First, I'd say that developmental biology is just the best field because it's got so many open questions and because it touches so many other fields. Some of the best cell biology questions and some of the best neuroscience questions and some of the enhancer-related questions, you name it, can all be looked at in a developmental biology context. It's the world's best playground. But, in that playground, I think you need to find your question. There are a lot of open questions but you just need to find the question that excites you and isn't the same question that the other ten labs in the field are looking at. The more separated it is from the rest the better, because you won't be racing to see who can get their results submitted first. Make sure you give yourself some breathing room so you can allow the whole project to grow. I know many scientists have gotten ahead by trying to find the obvious next experiment and doing it quickly. But, I think it's much more fun to find the unique question that nobody else thinks is interesting and go after it. That's often when doors open up and new fields are created.

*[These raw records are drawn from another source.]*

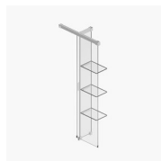
PAROI DE SÉPARATION SCREEN
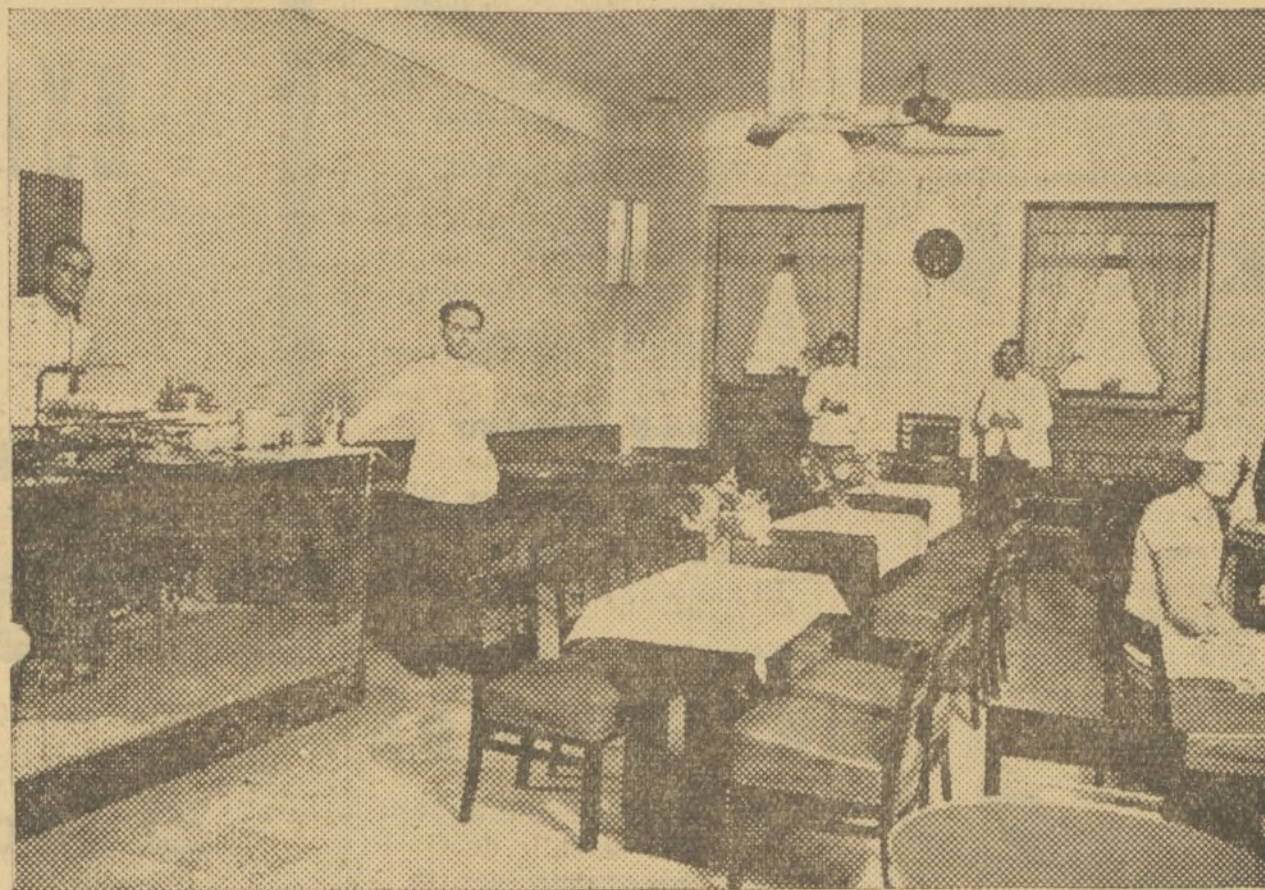
SALON DE TE EN EL «VIENA AUTOMATICO BAR»

Como usted habrá podido observar, el público queda completa-
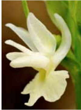
Dactylorhiza sulphurea PM
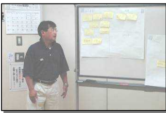
書き出された意見をもとに発表

、事業があり、それらが個別に あるのではなく、地域住民がそ れらを「まとめて」考えていく 必要がある。 「浜益の物語」をつくってほ しい。様々な事業を物語に含め て展開していくことを考える ことがこれからの地域づくり には大切。 地域づくりの方向性について 出された意見等をもとに、次 回(10月以降予定)の研修会で 更に議論し、地域づくりの方向 性についてまとめを行います。
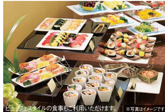
ビュッフェスタイルの食事もご利用いただけます。 ※写真はイメージです。
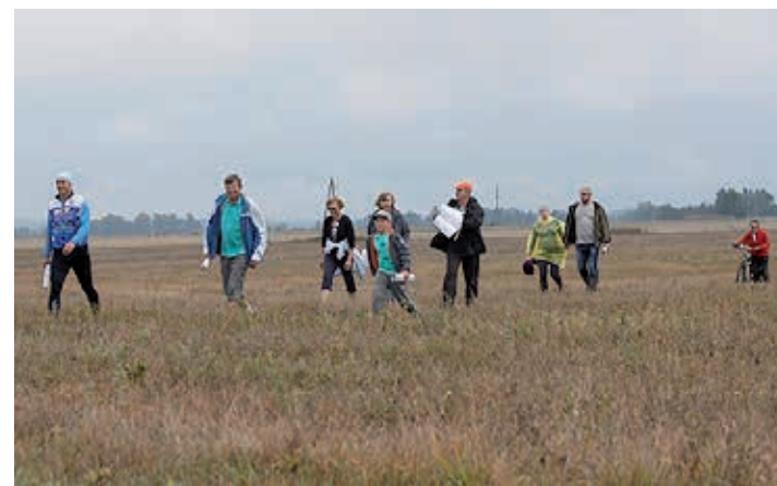
Tänavune matkateekond kulges osaliselt mööda baasjoont. Orienteerimisel oli matkalistele abiks matka eel valminud rohke teabega varustatud baasjoone kaart.

puhul trükis välja anti, tuleb anda kiriku arhiivi mälestusena siin lõpule viidud tähtsast ja huvitavast tööst.”
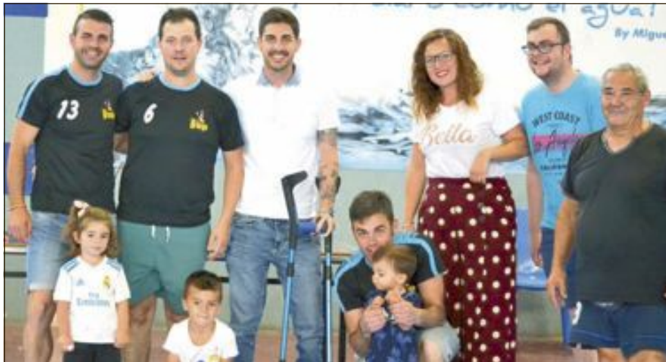
Equipo semifinalista: La Granja
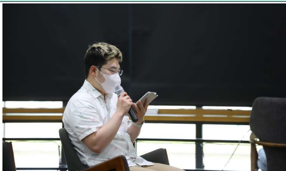
사진24. 시민토론자 사례 공유
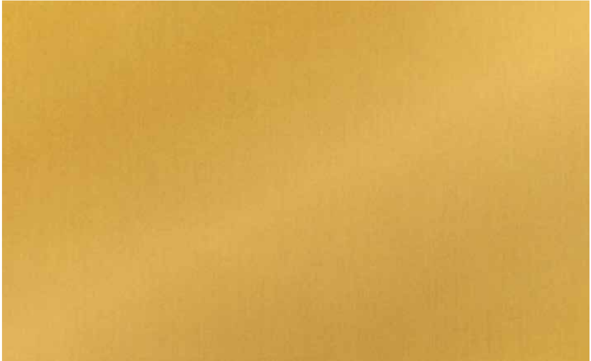
DE-AM0240 Mill Gold 40
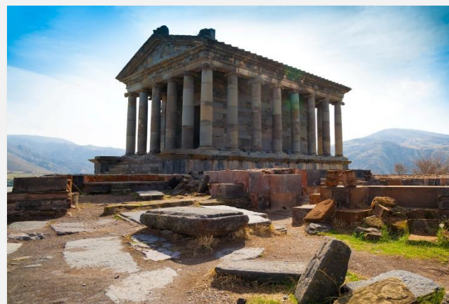
Στα βουνά της Αρμενίας...
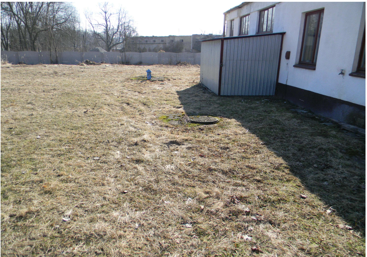
Istniejący osadnik ścieków szczelny
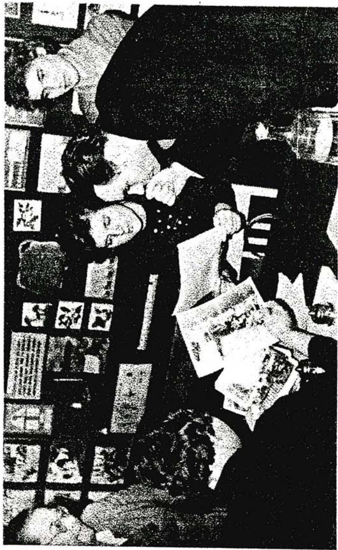
Встреча организаторов детского туризма. Начало 1960-х гг. Архив Краевой станции юных туристов (КСЮТУР).
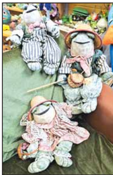
Kolekcinė varlių šeimynėlė.
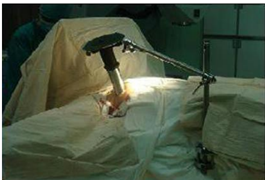
图 4 固定限光筒位置
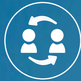
CHANGE MANAGEMENT MINDSET CHANGE
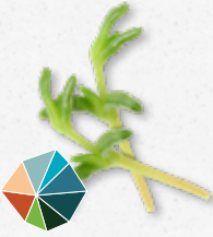
Salty Fingers® Saumâtre, croquant, légèrement amer

Finally, is there anything that Development readers would be surprised to find out about you?

Some people might not be surprised to find this out but I guess I'm a compulsive ‘do-it-yourselfer’. Whether it's building microscopes for lab or building loudspeakers and amplifiers for my home office, I like to do it myself. Even when it comes to coffee: it's not like you can't buy really nice coffee, but I just love roasting my own. The same is true for cooking. Being a compulsive ‘do-it-yourselfer’ might not be a surprising trait…but the degree to which I carry it out might be a surprise – perhaps even carrying it to the point that it is a mental pathology of some sort.